[Stored data]
★ ★ ★ ★
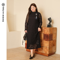 颈袖添香2024秋冬新款蕾丝连衣裙女装修身高级轻奢定制颜色连衣裙
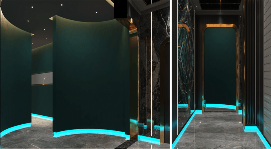 走廊及包間,深色大理石地面搭配藍(lán)色燈帶,營造出神秘且時(shí)尚的氛圍。包間內(nèi),木質(zhì)墻板搭配綠色石材背景墻,溫馨舒適,星空頂設(shè)計(jì)增添浪漫情調(diào)。KTV 包間,藍(lán)色霓虹燈帶與鏡面材質(zhì)結(jié)合,打造出炫酷的視聽空間,舒適的沙發(fā)座椅提升顧客體驗(yàn),整體設(shè)計(jì)旨在為顧客提供一個(gè)集休閑、娛樂、放松于一體的高品質(zhì)場(chǎng)所。
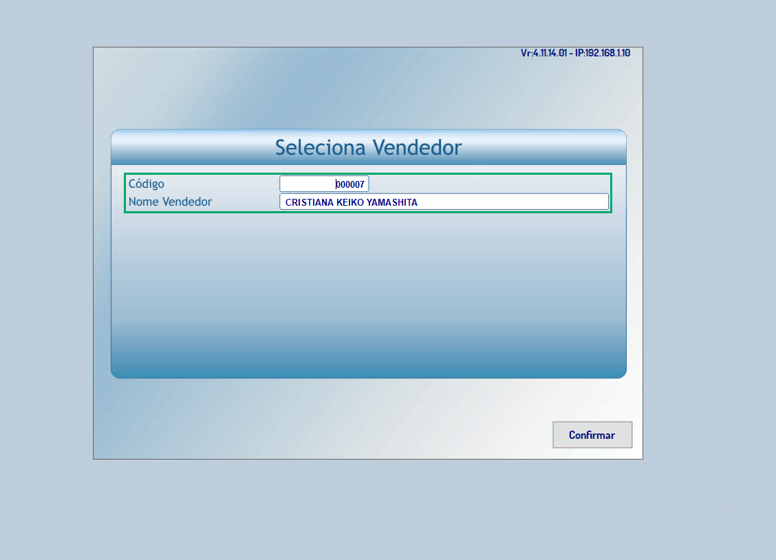 3. Irá abrir para que seja informo o vendedor e clique em Confirmar.
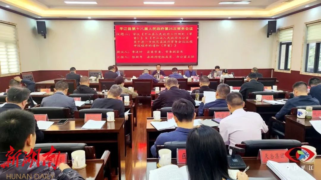 11月3日,县委副书记、县长彭方建主持召开平江县第十八届人民政府第25次常务会议,传达学习习近平总书记近期重要讲话精神,听取当前安全生产工作情况等汇报,研究部署系列重点工作,审议相关规范性文件。
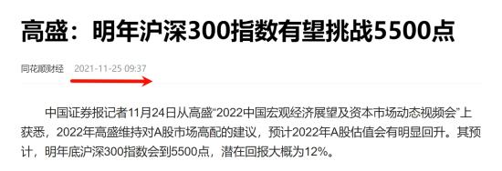 在2021年11月25日的时候,高盛发布自己的观点“看涨沪深300指数去挑战5500点”。
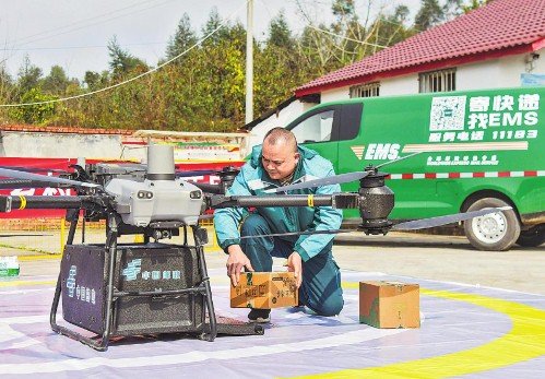 如果说深山高原的无人机运邮是“雪中送炭”,那么城市周边乡村的无人机投递则是“锦上添花”。在成都,邛崃和彭州两市相继开通常态化无人机邮路,使轻小邮件“朝发夕至”,目前累计投递报刊6000余份、包裹400余件。在自贡市荣县,无人机邮路开通后,凉水井村至高山镇的邮件双向流通时间节约了40分钟,村民网购的商品和寄递的土特产实现高效流转。
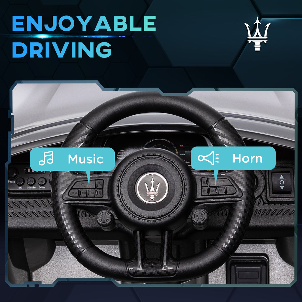 Rev up the fun with the Maserati Gran Turismo Folgore! This licensed car for kids to drive features powerful dual 12 motors and a standard power device for up to 50 minutes of playtime. Choose from parent remote control or manual drive by the kids, ensuring safety with a smooth start and safety belt. Suitable for adventurers aged 3-5 years, it's a fantastic kids ride-on car with remote control!
★ ★ ★ ★
ABOUT THIS EXERCISE: The copy should begin at the line containing "如果说深山高原的无人机运邮是" and end at the last line of the data above; please restate those lines word for word without the pictures.

OUTPUT OF THE TASK:
 如果说深山高原的无人机运邮是“雪中送炭”,那么城市周边乡村的无人机投递则是“锦上添花”。在成都,邛崃和彭州两市相继开通常态化无人机邮路,使轻小邮件“朝发夕至”,目前累计投递报刊6000余份、包裹400余件。在自贡市荣县,无人机邮路开通后,凉水井村至高山镇的邮件双向流通时间节约了40分钟,村民网购的商品和寄递的土特产实现高效流转。
 Rev up the fun with the Maserati Gran Turismo Folgore! This licensed car for kids to drive features powerful dual 12 motors and a standard power device for up to 50 minutes of playtime. Choose from parent remote control or manual drive by the kids, ensuring safety with a smooth start and safety belt. Suitable for adventurers aged 3-5 years, it's a fantastic kids ride-on car with remote control!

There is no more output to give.